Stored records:
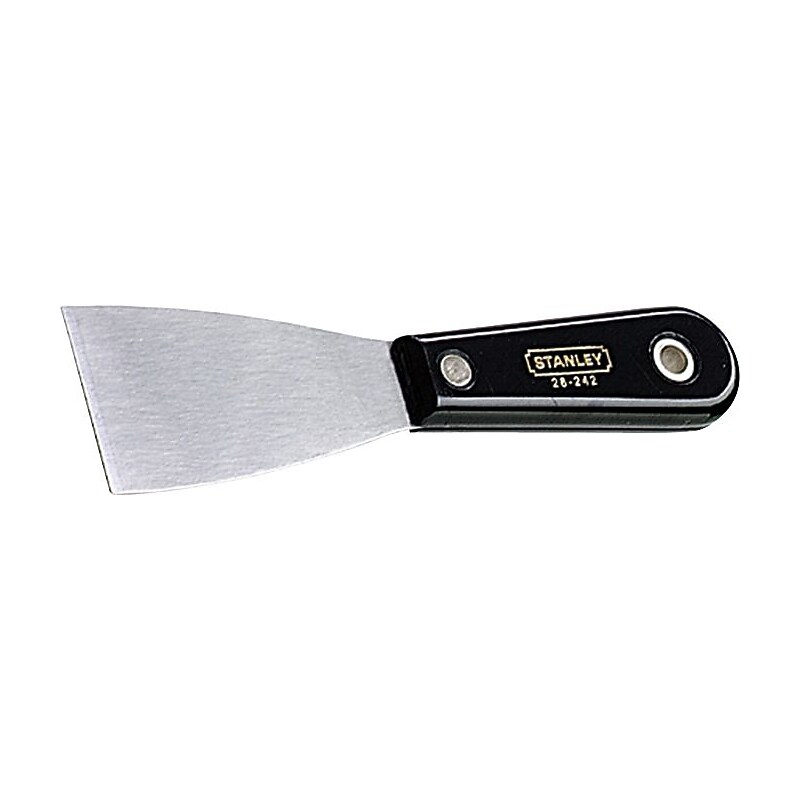 Stanley Stiff putty knife has tempered, hardened, polished blade made of steel for added durability. Knife is extended through shatter resistant nylon handle for comfort grip and features permanently fastened full tang blade. Size: 2-inch. Material: Steel. Hardened, tempered and polished steel blade outlasts other putty knives. Nylon handle resists shattering. Permanently fastened full tang blade. Stanley Putty Knife has permanently fastened full tang blade with nylon handle that resists shattering.
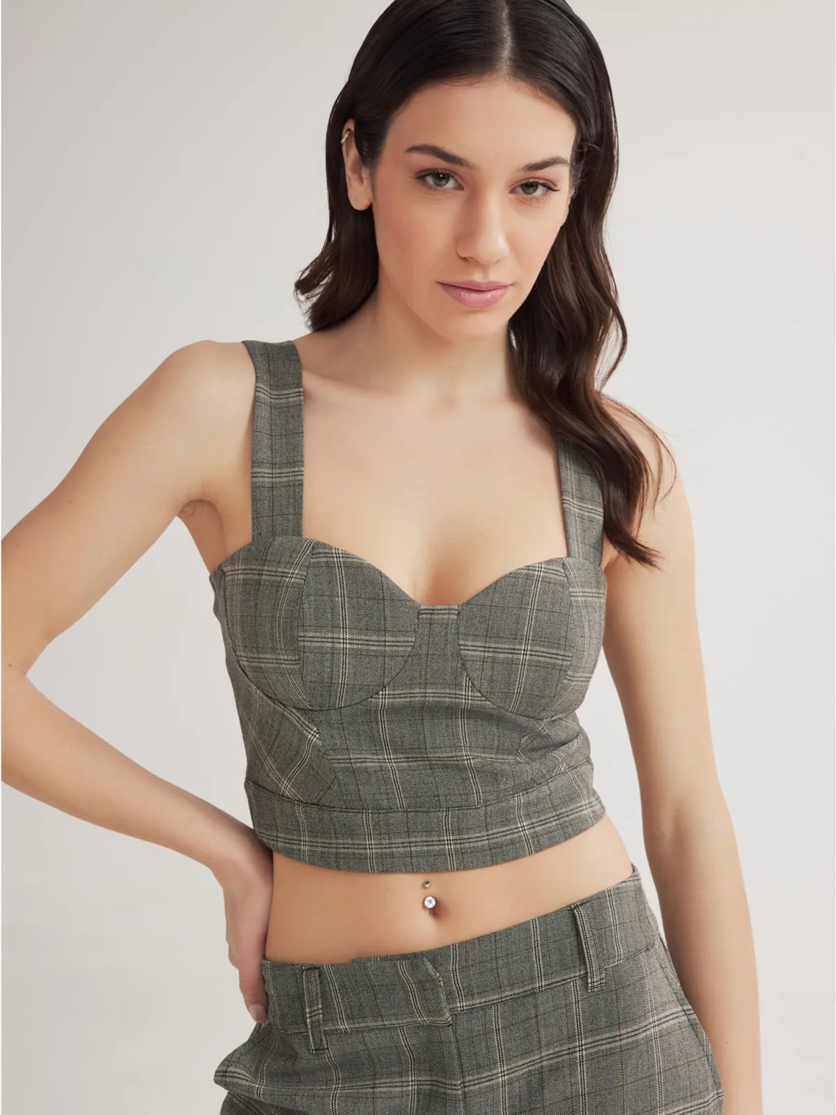 Design: Rug rits; Halstype: Carmen hals; Motief: Geruit; Extra's: All-over patroon; Pasvorm: Slanke pasvorm; Armlengte: Mouwloos; Lengte: Korte pasvorm
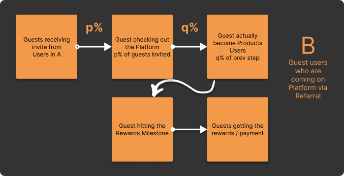 - Constantly Focus on converting B (guests on Platform) to A (users on Platform) who can become sources of future referral
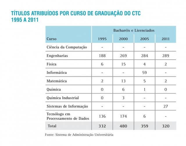 Títulos atribuídos por curso de Graduação do CTC - série histórica
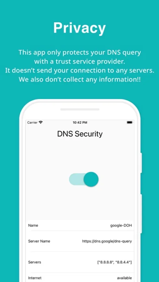 Privacy-Focused: Our app only secures your DNS queries through trusted service providers and does not route any other connections through external servers. We do not collect any user information.
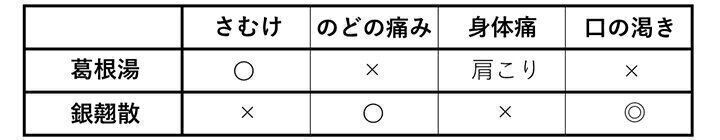漢方薬は、かぜの引き始めのタイプによって使い分けることができます。かぜの引き始めにのどが痛いときは「銀翹散」、かぜの引き始めにさむけが強いときは「葛根湯」と覚えておくといいでしょう。さらに、症状の出方によって以下のように使い分けることができます。

WHAT YOU NEED TO DO
Pictures aside, restate all of the entries exactly.

FINISHED EXERCISE
 Stanley Stiff putty knife has tempered, hardened, polished blade made of steel for added durability. Knife is extended through shatter resistant nylon handle for comfort grip and features permanently fastened full tang blade. Size: 2-inch. Material: Steel. Hardened, tempered and polished steel blade outlasts other putty knives. Nylon handle resists shattering. Permanently fastened full tang blade. Stanley Putty Knife has permanently fastened full tang blade with nylon handle that resists shattering.
 Design: Rug rits; Halstype: Carmen hals; Motief: Geruit; Extra's: All-over patroon; Pasvorm: Slanke pasvorm; Armlengte: Mouwloos; Lengte: Korte pasvorm
 - Constantly Focus on converting B (guests on Platform) to A (users on Platform) who can become sources of future referral
 Títulos atribuídos por curso de Graduação do CTC - série histórica
 Privacy-Focused: Our app only secures your DNS queries through trusted service providers and does not route any other connections through external servers. We do not collect any user information.
漢方薬は、かぜの引き始めのタイプによって使い分けることができます。かぜの引き始めにのどが痛いときは「銀翹散」、かぜの引き始めにさむけが強いときは「葛根湯」と覚えておくといいでしょう。さらに、症状の出方によって以下のように使い分けることができます。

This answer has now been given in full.